While a carrier is generally entitled to a lien against personal injury judgments or settlements paid to a claimant, the carrier "shall not have a lien on the proceeds of any recovery received pursuant to[Insurance Law § 5104 (a)] . . . for compensation and/or medical benefits paid which were in lieu of first party benefits which another insurer would have otherwise been obligated to pay under[Insurance Law article 51]" (Workers' Compensation Law § 29 [1-a]). "First party benefits" are defined as "payments to reimburse a person for basic economic loss on account of personal injury arising out of the use or operation of a motor vehicle" (Insurance Law § 5102 [b]). "Basic economic loss" is limited to $50,000 covering various items, including lost wages from the first three years following the accident (see Insurance Law § 5102 [a]).

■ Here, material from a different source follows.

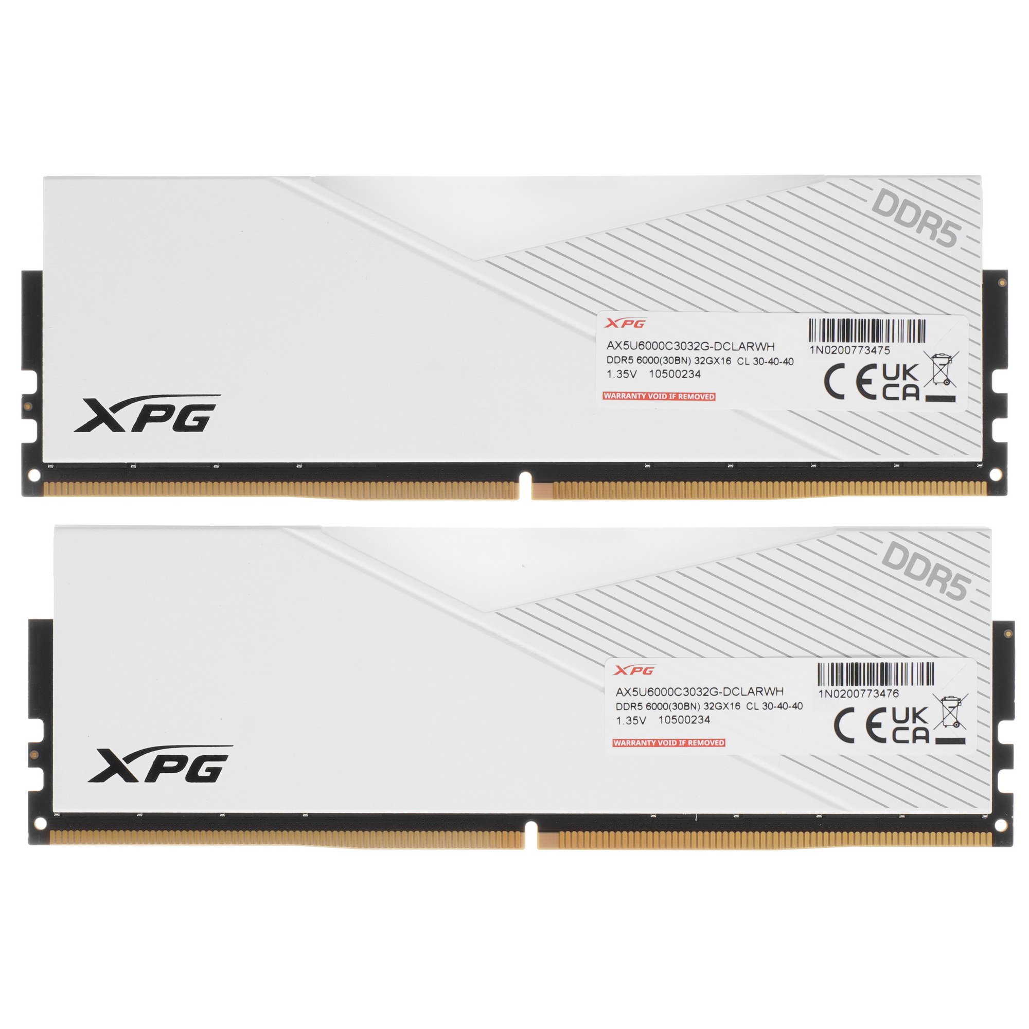 Оперативная память XPG Lancer, DDR5, 64Gb (2x32Gb), 6000MHz, CL30, DIMM, с радиаторами, RGb, белый
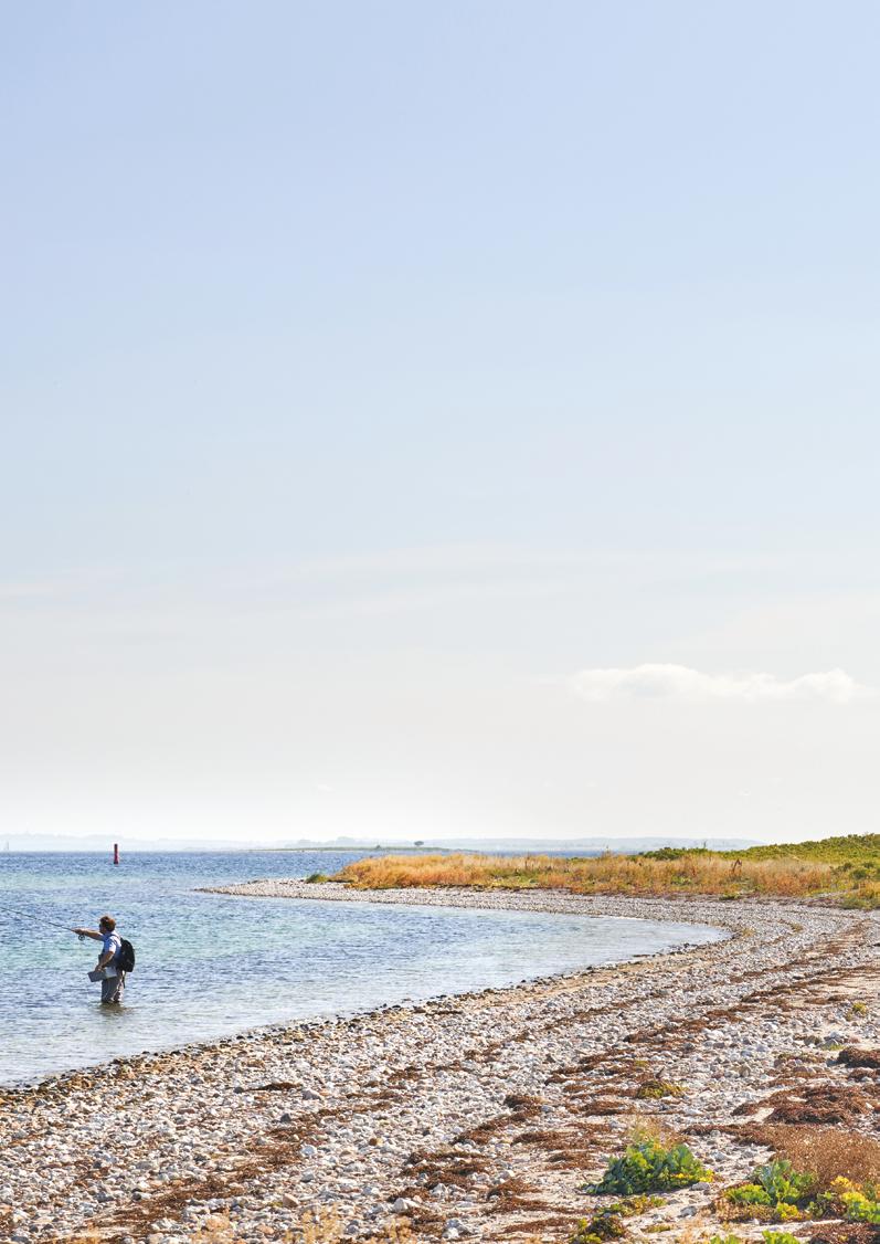 aus, in welcher Richtung dein Angeln beginnen soll. Auf Bjørnø erwartet dich ein einzigartiges Angelerlebnis, besonders entlang der 2,5 Kilometer langen Küste auf der Südseite, wo die Chancen gut sind. Beachte jedoch, dass die Küste herausfordernd sein kann, wenn der Wind aus Westen/ Südwesten bläst und die Wellen gegen die Tonklippen prallen, wodurch das Wasser trüb wird. Bjørnø ist ein einzigartiges Angelparadies; es ist ein Ziel, das in vielerlei Hinsicht einer tropischen Insel ähnelt - etwas, von dem man nicht denkt, dass es in Dänemark überhaupt existiert. Aber das tut es. Angle aktiv und erkunde die Umgebung, und bedenke dabei, dass die Fische oft in sehr flachen Gewässern leben - Bjørnø bildet da keine Ausnahme.

The Court of Appeals has held that awards for permanent partial disability which include schedule loss of use awards fall within the definition of basic economic loss and may therefore be deemed compensation in lieu of first party benefits, regardless of whether the award represents payments for lost earnings which are actual or presumed (see Matter of Johnson v Buffalo & Erie County Private Indus. Council, 84 NY2d 13, 19 [1994]; Dietrick v Kemper Ins. Co. [American Motorists Ins. Co.], 76 NY2d 248, 254 [1990]; Matter of Fox v Crosbie-Brownlie, Inc., 284 AD2d 42, 44 [2001]). As they are in lieu of first party benefits, the carrier does not have a lien for amounts paid as part of such schedule loss of use awards unless it has paid more than $50,000 or for lost wages covering a period more than three years from the date of the accident. The weekly rate and number of weeks in the schedule are merely the measure by which an award is calculated; although a decision by a WCLJ or the Board lists the award as covering certain dates, liability for a schedule award arises as of the date of the accident and "payment of the schedule award is not allocable to any particular period of disability" (Matter of Briggs v Village of Hamilton, 136 AD2d 442, 444 [1988]; see Matter of Miller v North Syracuse Cent. School Dist., 1 AD3d 691, 692 [2003]). As the schedule loss of use award did not encompass any specific time period, the 51.8 weeks of payments provided less than wages for a three-year period and it does not appear that the carrier paid claimant more than $50,000, the portion of the schedule award pertaining to claimant's permanent partial disability constituted payment in lieu of first party benefits. Accordingly, the carrier had no lien on that portion of the schedule loss of use award.

Cardona, P.J., Peters, Spain and Carpinello, JJ., concur. Ordered that the decision is reversed, without costs, and matter remitted to the Workers' Compensation Board for recalculation of the workers' compensation carrier's lien.